Les conclusions du CCPR font état de nombreuses problématiques similaires à celles identifiées par la Fédération internationale pour les droits humains (FIDH) et le Center for Prisoners’ Rightsen amont de l’examen du Japon. En août 2022, ces deux organisations avaient dénoncé le recours à l’isolement et à l’usage intrusif de la vidéosurveillance pour les détenu·es incarcéré·es dans le couloir de la mort au Japon.

« Les autorités japonaises doivent cesser de traiter les personnes condamnées à mort comme des objets. Les détenu·es incarcéré·es dans le couloir de la mort ont des droits, et doivent être pris·es en charge conformément aux normes internationales, et aux obligations du Japon en matière de droit international relatif aux droits humains. »

Teppei Ono, secrétaire général du Center for Prisoners’ Rights

La FIDH et le Center for Prisoners’ Rights exhortent le gouvernement japonais à prendre des mesures immédiates pour mettre en œuvre les recommandations du CCPR en matière de peine de mort et de conditions de détention.
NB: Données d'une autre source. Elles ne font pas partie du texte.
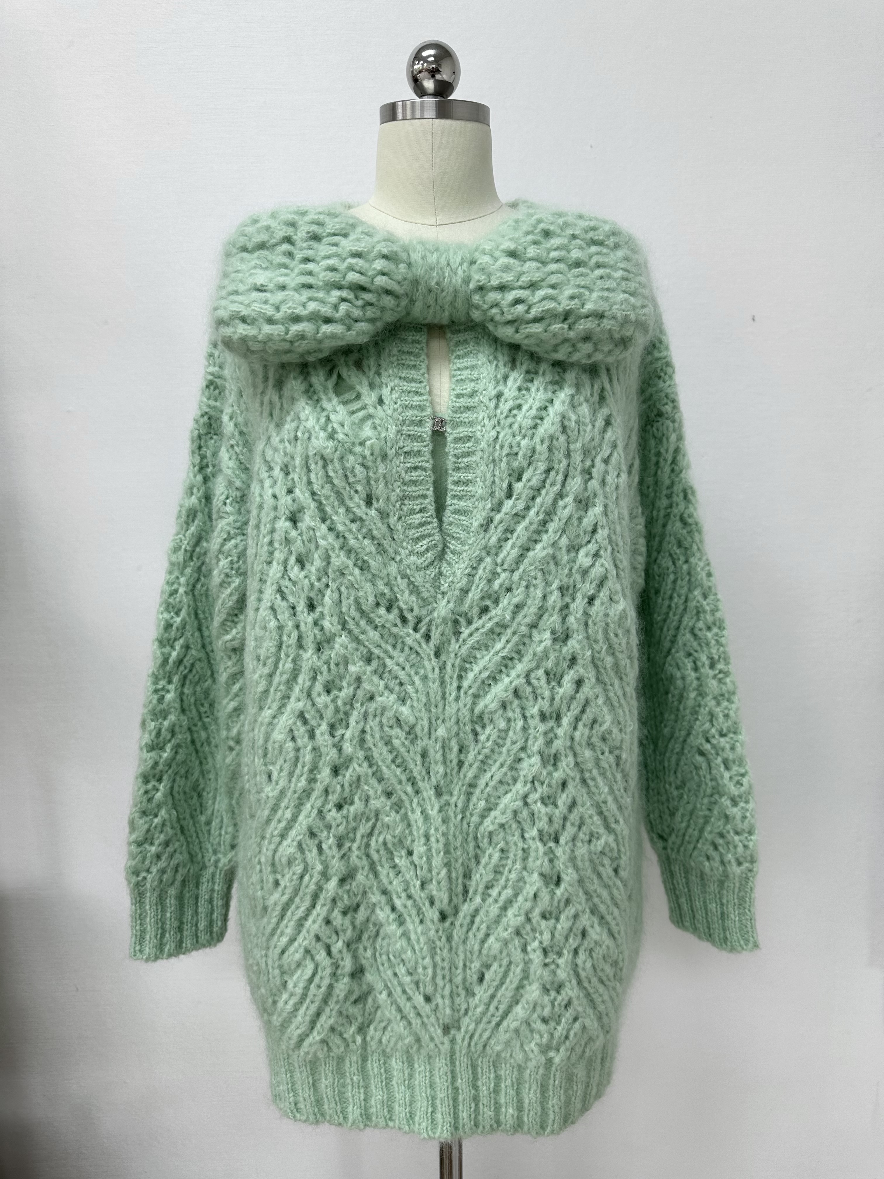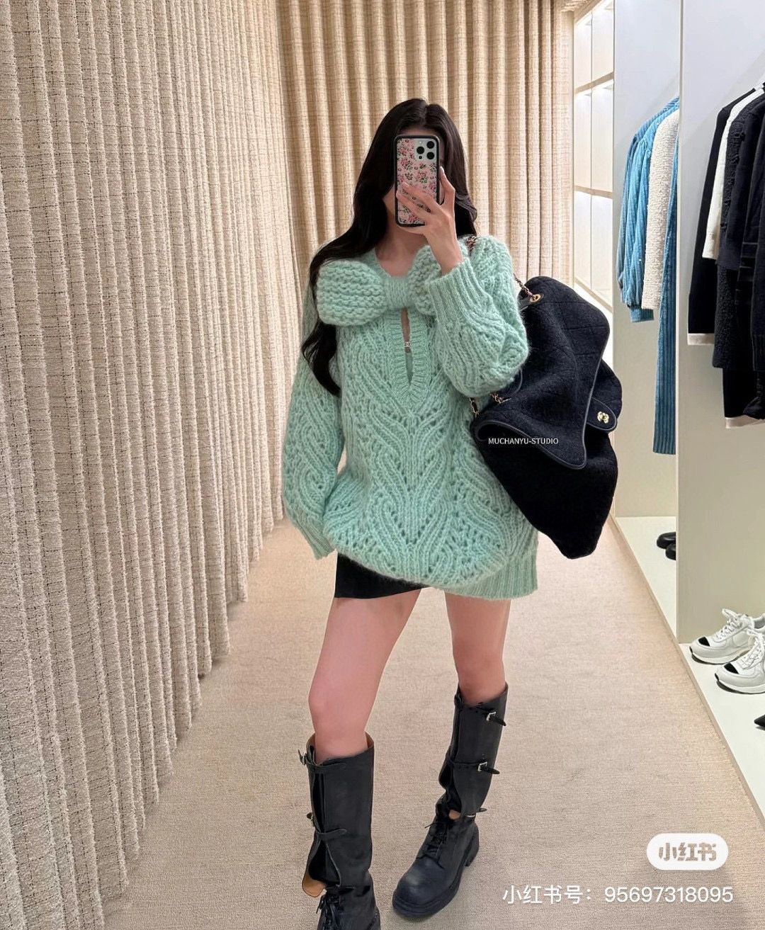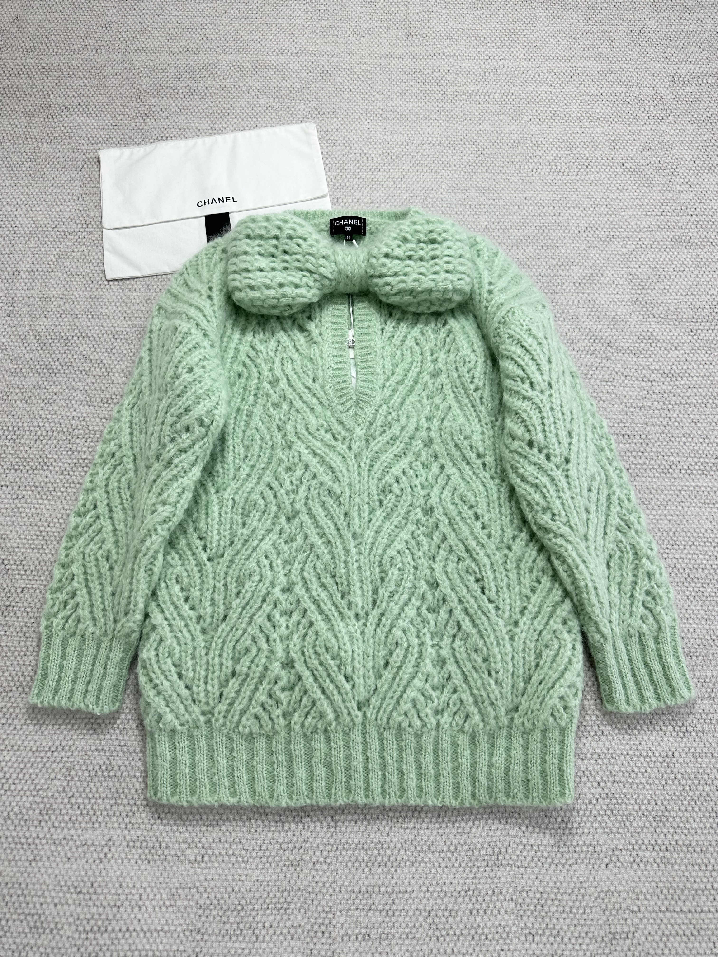 NIGO Chanel 25K Fall/Winter Haute Couture Collection Long Sleeves Short Dress Mohair And Wool Light Green #nigo332110

Ces recommandations incluent :
 l’établissement d’un moratoire sur le recours à la peine de mort ;
 la réduction du nombre d’infractions passibles de la peine capitale ;
 l’assurance que les détenu·es incarcéré·es dans le couloir de la mort ne font pas l’objet de peines ou traitements cruels, inhumains ou dégradants ;
 la limitation du recours à l’isolement prolongé et à l’usage de la vidéosurveillance 24h/24 pour les détenu·es condamné·es à mort ;
 l’établissement d’un système contraignant et efficace de révision des condamnations à la peine de mort ;
 l’assurance que la santé mentale des détenu·es condamné·es à mort est surveillée par un organe indépendant ;
 l’assurance d’une confidentialité stricte pour toutes les réunions entre les détenu·es condamné·es à mort et leurs avocat·es au sujet de leurs demandes de révision de procès ;
 l’accès au deuxième protocole facultatif du Pacte international relatif aux droits civils et politiques (PIDCP), visant à abolir la peine de mort.

La FIDH et le Center for Prisoners’ Rights appellent également le gouvernement japonais à voter en faveur de la résolution de l’Assemblée générale des Nations unies biennale portant sur un moratoire sur l’application de la peine de mort, en vue de son abolition complète. Cette résolution doit être adoptée par l’Assemblée générale des Nations unies en décembre 2022.